Problem
Below, find the line containing "The nature of" and the line containing "An album of"; reproduce exactly those two and every line between them, omitting pictures.

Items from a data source
######
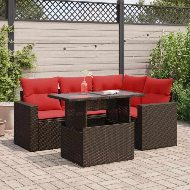 Ta vrtna sedežna garnitura je popoln dodatek za vaše dvorišče, teraso ali verando, saj zagotavlja udoben in vabljiv prostor za klepet z družino in prijatelji ali preprosto za sprostitev in uživanje na prostem.
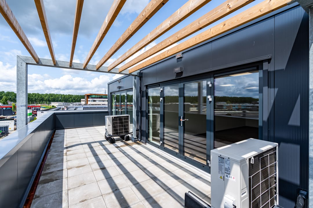 Op bedrijventerrein ’t Noord in Weesp, strategisch gelegen binnen de gemeente Amsterdam, worden twee hoogwaardige en duurzame bedrijfs- en kantoorunits te koop én te huur aangeboden. Het betreft twee naast elkaar gelegen units, die zowel afzonderlijk als gezamenlijk beschikbaar zijn. Elke unit beschikt over een vloeroppervlak van circa 163 m², verdeeld over circa 60 m² op de begane grond, circa 60 m² op de eerste verdieping en circa 43 m² op de tweede verdieping. Daarnaast is elke unit voorzien van een royaal dakterras. Deelverhuur is mogelijk. De Hoge Weyse is een uitstekende locatie voor bedrijven die waarde hechten aan duurzaamheid en een professionele uitstraling. De units worden gerealiseerd op eigen grond en voldoen aan de nieuwste duurzaamheidsnormen. Dit biedt niet alleen voordelen op het gebied van maatschappelijk verantwoord ondernemen, maar ook de mogelijkheid om aanzienlijk te besparen op energiekosten. De units zijn voorzien van een elektrische overheaddeur met een vrije hoogte van circa 3,0 meter en een breedte van circa 2,7 meter. De luxe uitstraling wordt versterkt door het gebruik van hoogwaardige materialen, houten geveldelen en het ruime dakterras op de tweede verdieping. Het duurzame en onderhoudsvriendelijke ontwerp maakt deze bedrijfsruimtes bij uitstek geschikt voor ondernemingen die functionaliteit willen combineren met representativiteit.
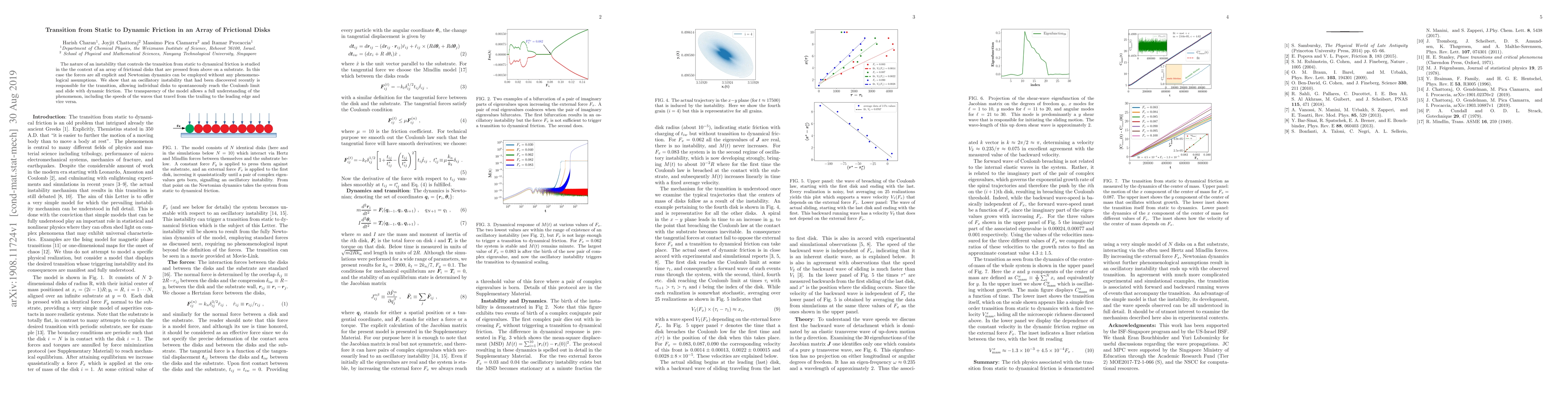 The nature of an instability that controls the transition from static to dynamical friction is studied in the the context of an array of frictional disks that are pressed from above on a substrate. In this case the forces are all explicit and Newtonian dynamics can be employed without any phenomenological assumptions. We show that an oscillatory instability that had been discovered recently is responsible for the transition, allowing individual disks to spontaneously reach the Coulomb limit and slide with dynamic friction. The transparency of the model allows a full understanding of the phenomenon, including the speeds of the waves that travel from the trailing to the leading edge and vice versa.
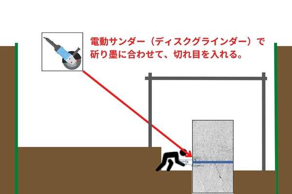 斫る前にスプレーで出した斫り墨に合わせて、電動サンダー(ディスクグラインダー)で切れ目を入れてあげると仕上がりがキレイにできます。
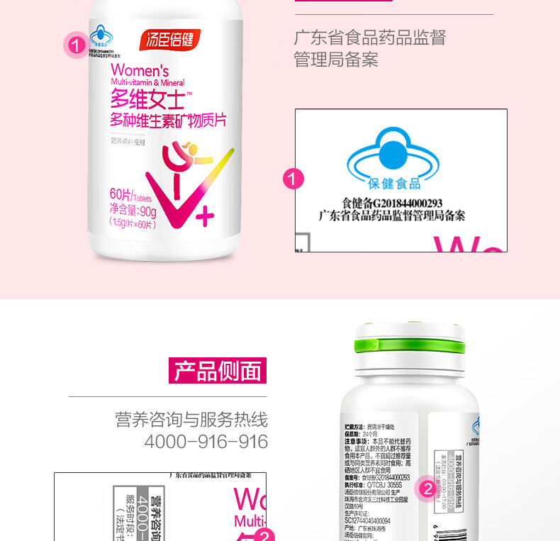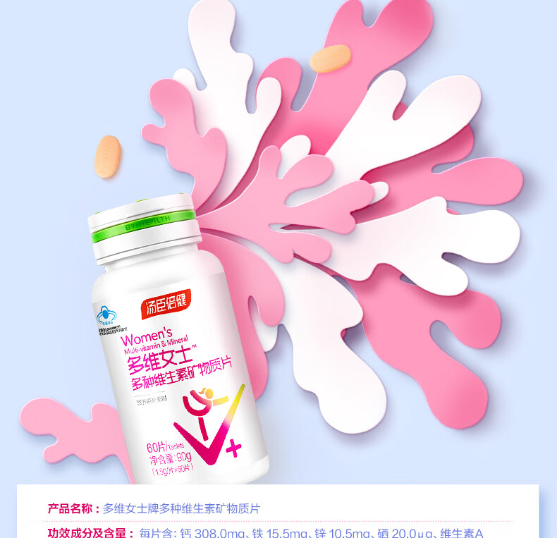 商品名称:汤臣倍健多维女士维生素矿物质片60*2瓶装
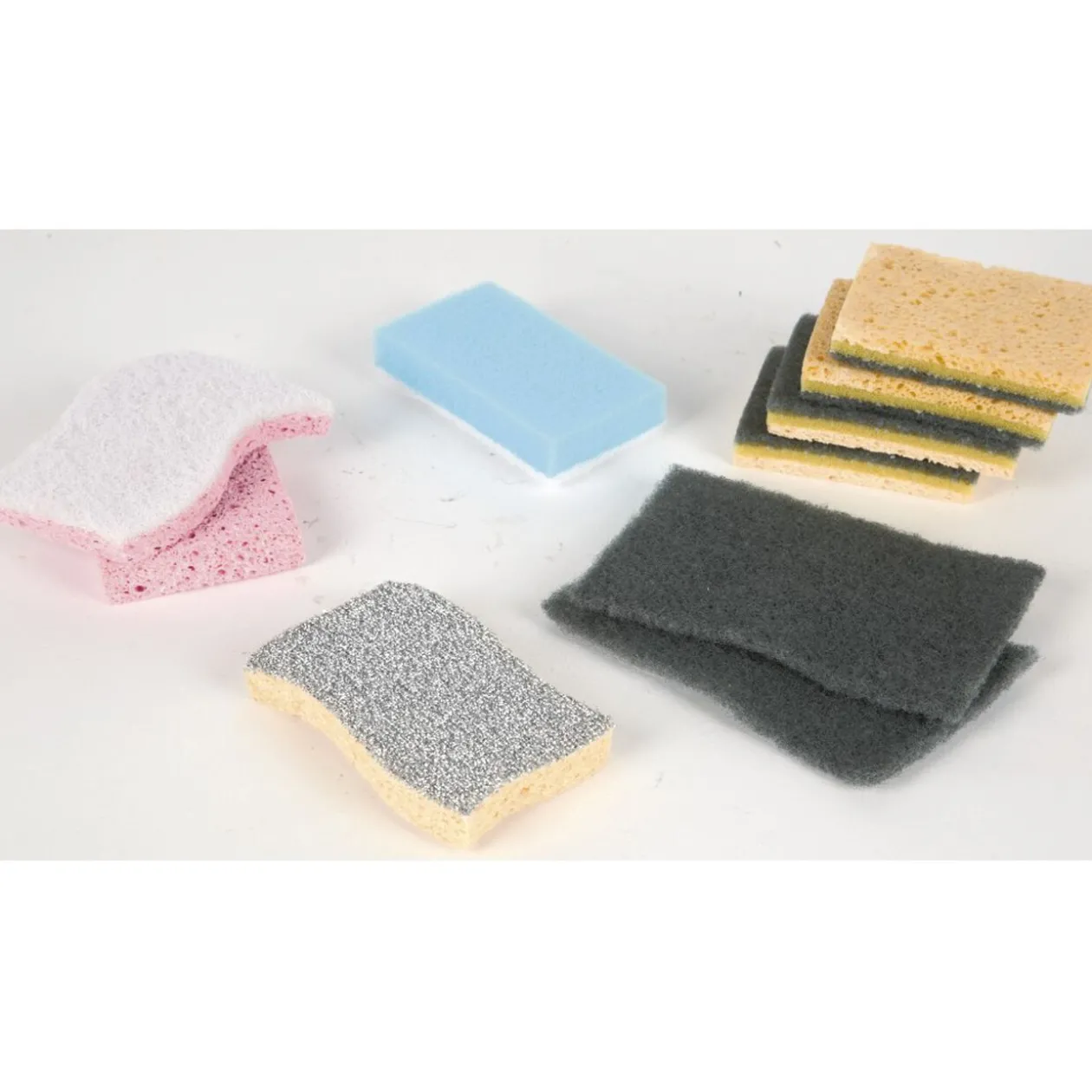 Ce lot de 10 éponges comprend: 4 éponges végétales grattantes, 2 tampons à récurer, 1éponge végétal vitrocéramique,pour un nettoyage complet de votre cuisine ainsi que : 1 éponge végétale grattante multiusage, 1 éponge végétale multiusage et 1 éponge synthétique grattante pour le nettoyage de votre salle de bain.
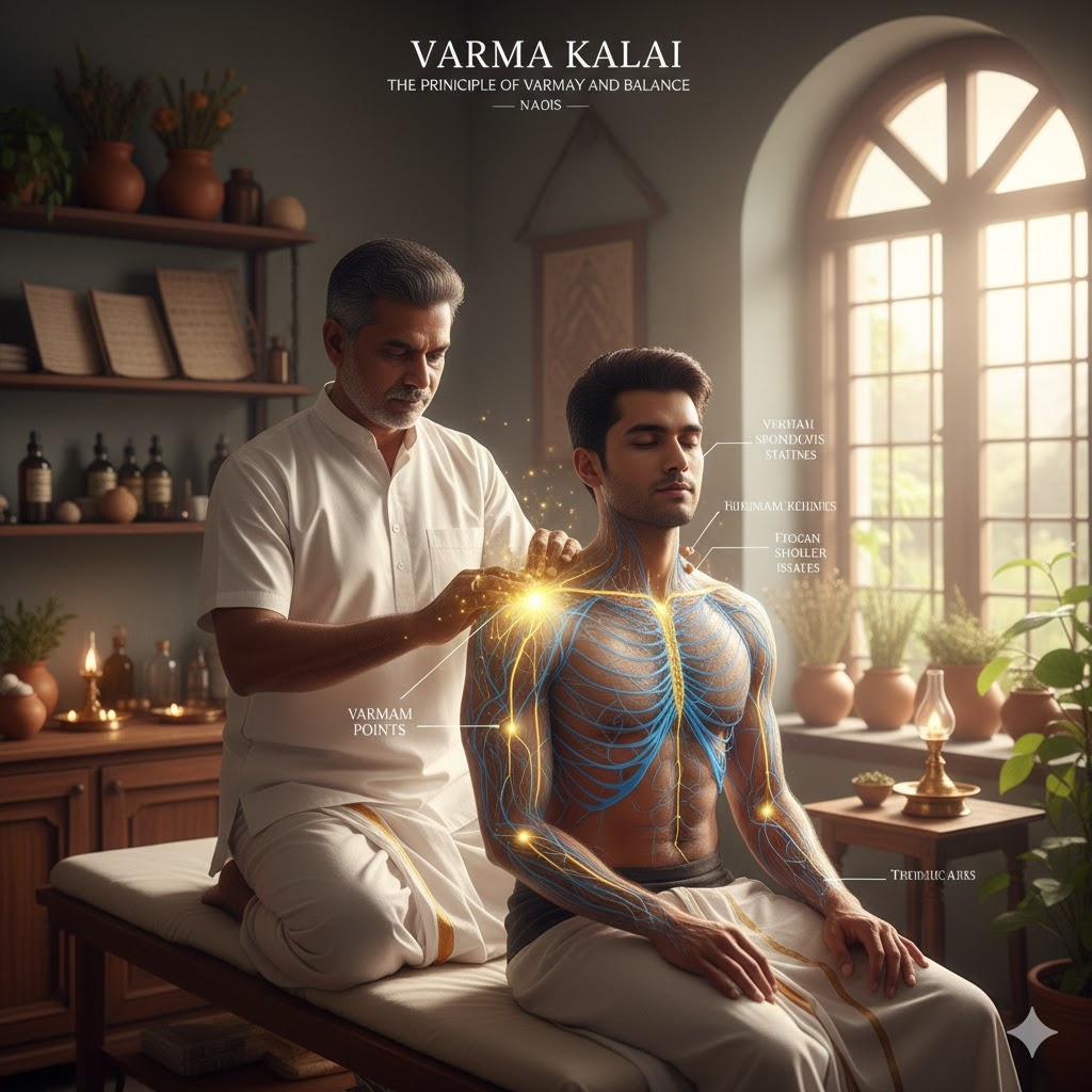 - The Three Humors (Muppini): Like all Siddha therapies, Varma aims to balance the Muppini—Vatham (Air), Pitham (Fire), and Kappam (Water). An imbalance in these humors, often caused by a blockage or trauma to a Varmam point, leads to disease.
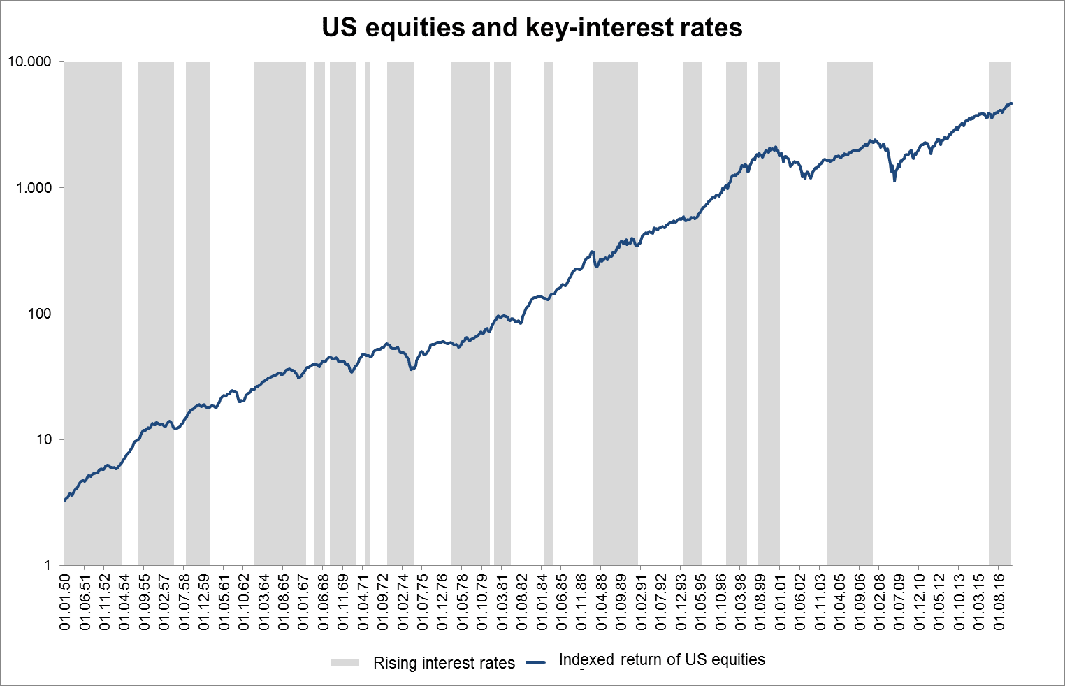 Every analyst knows that a report hinges on the visualisation of data, i.e. the eyeballing. Let’s eyeball. The following chart shows the S&P 500 index since 1950. The phases of interest rate increases are shaded grey. It seems to us that equities typically slump at the end of an interest rate increase cycle. This pattern is particularly clear during the phases of interest rate increases at the beginning of the data set. This is in line with theory: central banks step up rates as soon as the economy is picking up momentum. Or, like the former chairman of the Fed, William McChesney Martin, phrased it so poignantly: “The Fed’s job is to take away the punch bowl just as the party gets going.”
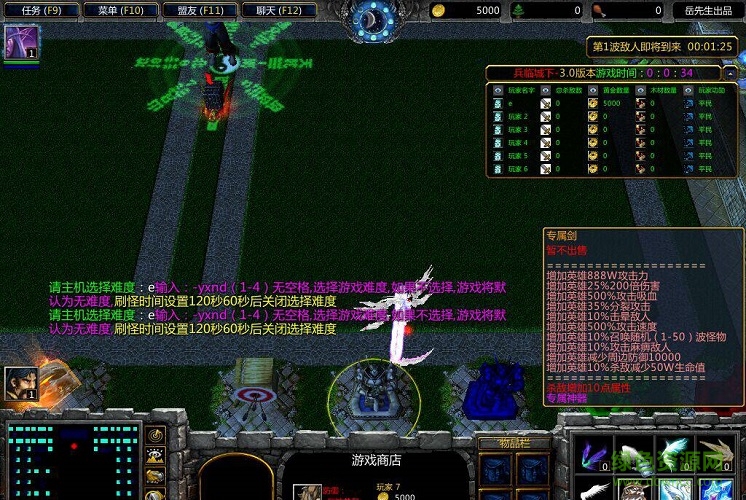 困难程度0 每120秒刷怪 增加怪物0%属性
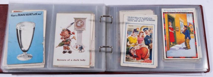 An album of eighty eight comic postcards: artists include Bob Wilkin, Brian White, Donald McGill, Reg Carter and others, approx 88 cards.
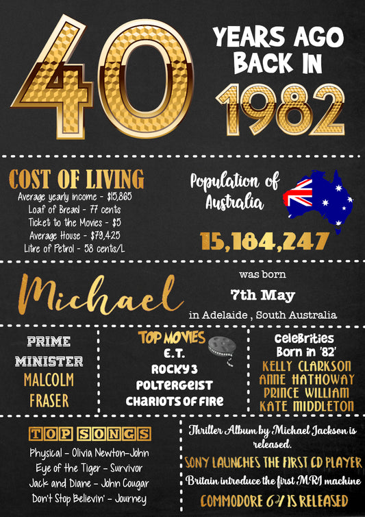 40 years ago back in 1983 Chalkboard Style Poster
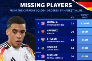 今日热点11月15日讯 德转列德国落选本次国家队名单的球员身价排行,穆西亚拉1.4亿欧居首,哈弗茨6000万欧第二,斯蒂勒4500万欧第三。
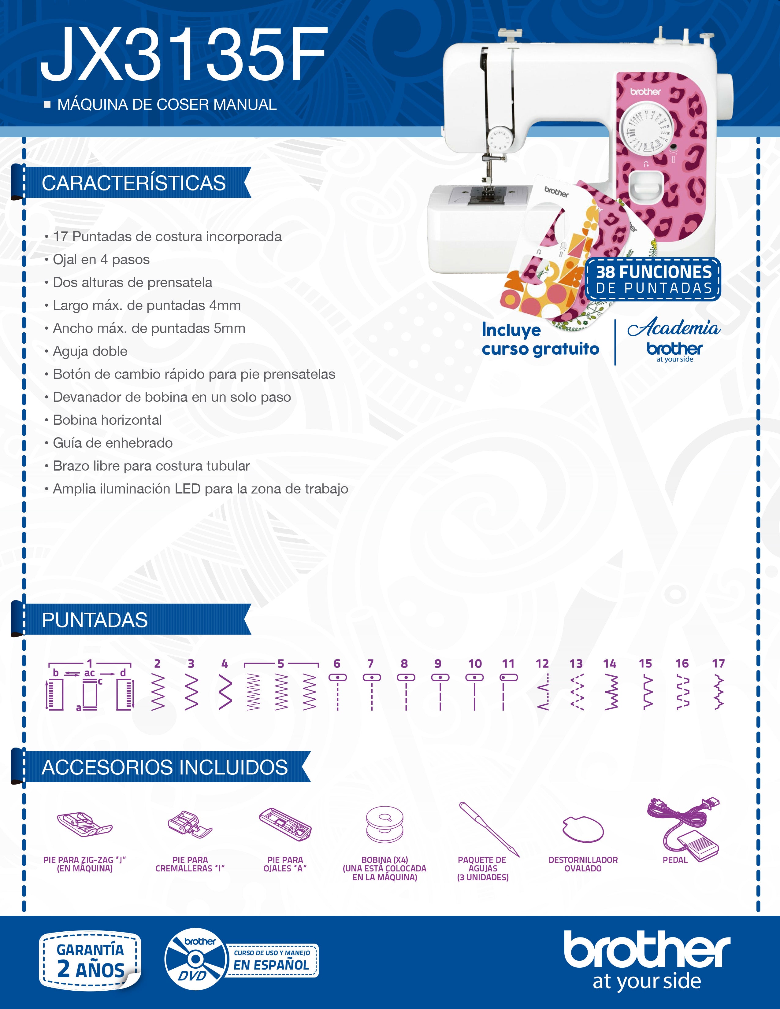 Personaliza tu Brother JX3135F, la única máquina en el mercado que te permite elegir entre 3 diseños diferentes que se adaptan a tu estilo. Es perfecta para aquellos que desean iniciarse en el mundo de la costura. Es una máquina liviana que puede ser transportada a cualquier lugar. Con 17 puntadas incorporadas, podrás realizar aplicaciones inigualables. Cuenta con luz LED para mejor visibilidad y ahorro de energía, ojal a 4 pasos y mucho más. Con la JX3135F de Brother podrás expandir tu creatividad para realizar incontables proyectos en tu hogar.
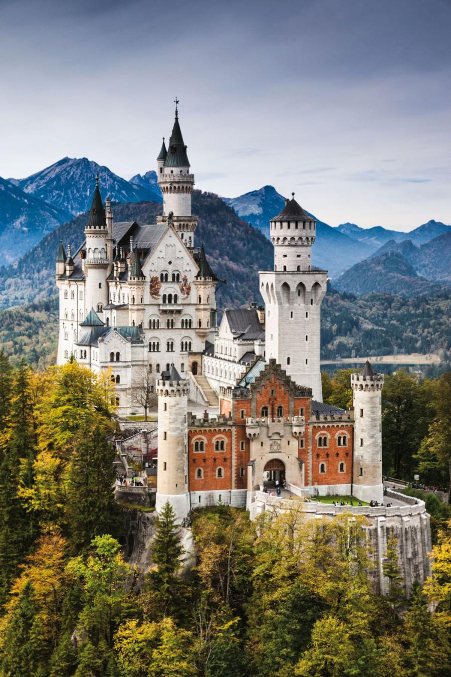 Podczas gdy Brytyjczycy spierali się, czy wolno „udawać historię”, za Alpami nikt nie miał takich skrupułów. W Bawarii romantyczne marzenie o średniowieczu przybrało kształt Neuschwanstein. Wznoszony od 1869 r. na surowym korzeniu z woli króla Ludwika II Bawarskiego zamek miał być scenografią dla królewskich snów, monumentalnym teatrem zainspirowanym operami Wagnera i legendami arturiańskimi. Architekci połączyli średniowieczne formy z nowoczesnymi żelbetowymi konstrukcjami i ukrytą infrastrukturą: centralnym ogrzewaniem, bieżącą wodą i windą kuchenną. Wieże i sale, w których nigdy nie gościł żaden rycerz, stały się uosobieniem wyobrażonego średniowiecza, a baśniowa sylweta stanowi dziś wzorzec dla kultury masowej– od bajek Disneya po gry komputerowe. Ironią losu jest, że Ludwik II mieszkał w zamku tylko kilka dni, bo tuż po przeprowadzce w 1886 r. utonął w jeziorze Starnberg.
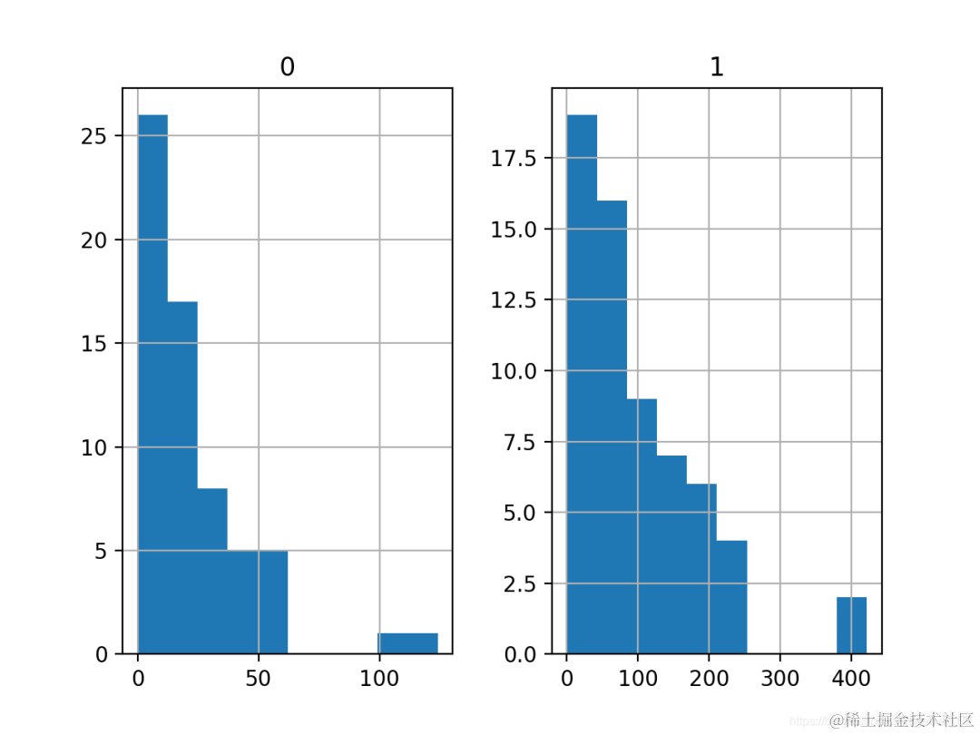 我们可以看到每个变量都有相似的分布。它看起来像偏态的高斯分布或指数分布。
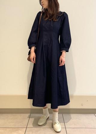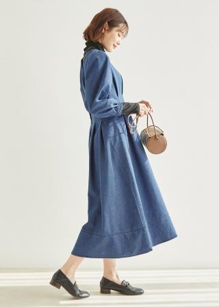 ・ウエストタックでメリハリを出した、クラシカルなシルエットのデニムワンピース。
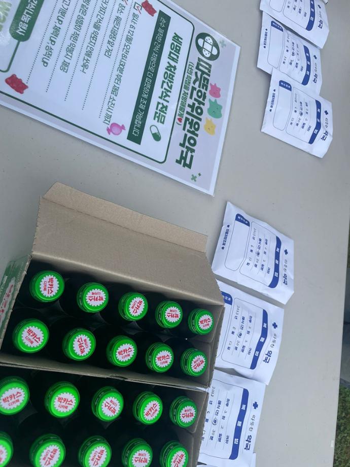 2) 당 충전을 위한 소량의 간식 및 에너지드링크를 함께 제공 봉투에 담아서 제공
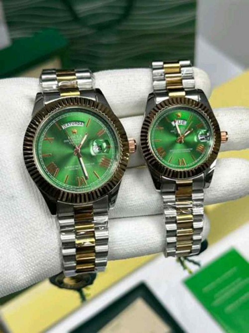 rolex_day date couple to tone rose gold green
######
Exercise response
 The nature of an instability that controls the transition from static to dynamical friction is studied in the the context of an array of frictional disks that are pressed from above on a substrate. In this case the forces are all explicit and Newtonian dynamics can be employed without any phenomenological assumptions. We show that an oscillatory instability that had been discovered recently is responsible for the transition, allowing individual disks to spontaneously reach the Coulomb limit and slide with dynamic friction. The transparency of the model allows a full understanding of the phenomenon, including the speeds of the waves that travel from the trailing to the leading edge and vice versa.
 斫る前にスプレーで出した斫り墨に合わせて、電動サンダー(ディスクグラインダー)で切れ目を入れてあげると仕上がりがキレイにできます。
 商品名称:汤臣倍健多维女士维生素矿物质片60*2瓶装
 Ce lot de 10 éponges comprend: 4 éponges végétales grattantes, 2 tampons à récurer, 1éponge végétal vitrocéramique,pour un nettoyage complet de votre cuisine ainsi que : 1 éponge végétale grattante multiusage, 1 éponge végétale multiusage et 1 éponge synthétique grattante pour le nettoyage de votre salle de bain.
 - The Three Humors (Muppini): Like all Siddha therapies, Varma aims to balance the Muppini—Vatham (Air), Pitham (Fire), and Kappam (Water). An imbalance in these humors, often caused by a blockage or trauma to a Varmam point, leads to disease.
 Every analyst knows that a report hinges on the visualisation of data, i.e. the eyeballing. Let’s eyeball. The following chart shows the S&P 500 index since 1950. The phases of interest rate increases are shaded grey. It seems to us that equities typically slump at the end of an interest rate increase cycle. This pattern is particularly clear during the phases of interest rate increases at the beginning of the data set. This is in line with theory: central banks step up rates as soon as the economy is picking up momentum. Or, like the former chairman of the Fed, William McChesney Martin, phrased it so poignantly: “The Fed’s job is to take away the punch bowl just as the party gets going.”
 困难程度0 每120秒刷怪 增加怪物0%属性
 An album of eighty eight comic postcards: artists include Bob Wilkin, Brian White, Donald McGill, Reg Carter and others, approx 88 cards.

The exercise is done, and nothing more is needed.